Setting up geocoding operations
Db2® Spatial Extender lets you set, in advance, the work that must be done when a geocoder is invoked.
Before you begin
- DATAACCESS authority on the database that contains the tables that the geocoder will operate on
- CONTROL privilege on each table that the geocoder operates on
- SELECT privilege and UPDATE privilege on each table that the geocoder operates on
About this task
- What column the geocoder is to provide data for.
- Whether the input that the geocoder reads from a table or view should be limited to a subset of rows in the table or view.
- The range or number of records that the geocoder should geocode in batch sessions within a unit of work.
- Requirements for geocoder-specific operations.
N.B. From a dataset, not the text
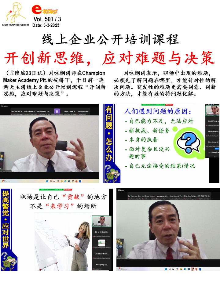 马来西亚激励讲师 – 刘咏钢硕士 » e NEWS Vol 501

For example, a geocoder may geocode only those records that match their counterparts in the reference data to a specified degree or higher. This degree is called the minimum match score.
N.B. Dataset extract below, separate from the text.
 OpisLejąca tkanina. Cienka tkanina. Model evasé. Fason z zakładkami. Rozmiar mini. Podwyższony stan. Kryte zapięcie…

You must specify the parameters in the preceding list before you set up the geocoder to run in automatic mode. From then on, each time the geocoder is invoked (not only automatically, but also for batch runs), geocoding operations will be performed in accordance with your specifications. For example, if you specify that 45 records should be geocoded in batch mode within each unit of work, a commit will be issued after every forty-fifth record is geocoded. (Exception: You can override your specifications for individual sessions of batch geocoding.)
You do not have to establish defaults for geocoding operations before you run the geocoder in batch mode. Rather, at the time that you initiate a batch session, you can specify how the operations are to be performed for the length of the run. If you do establish defaults for batch sessions, you can override them, as needed, for individual sessions.
Procedure
To set up geocoding operations:
- Issue the db2se setup_gc command.
- Run an application that calls the DB2GSE.ST_SETUP_GEOCODING procedure.
What to do next
The minimum degree to which the street names must match is referred to as spelling sensitivity. The minimum degree to which the entire addresses must match is called the minimum match score. For example, if the spelling sensitivity is 80, then the match between the street names must be at least 80 percent accurate before the geocoder will search for the entire address. If the minimum match score is 60, then the match between the addresses must be at least 60 percent accurate before the geocoder will geocode the record.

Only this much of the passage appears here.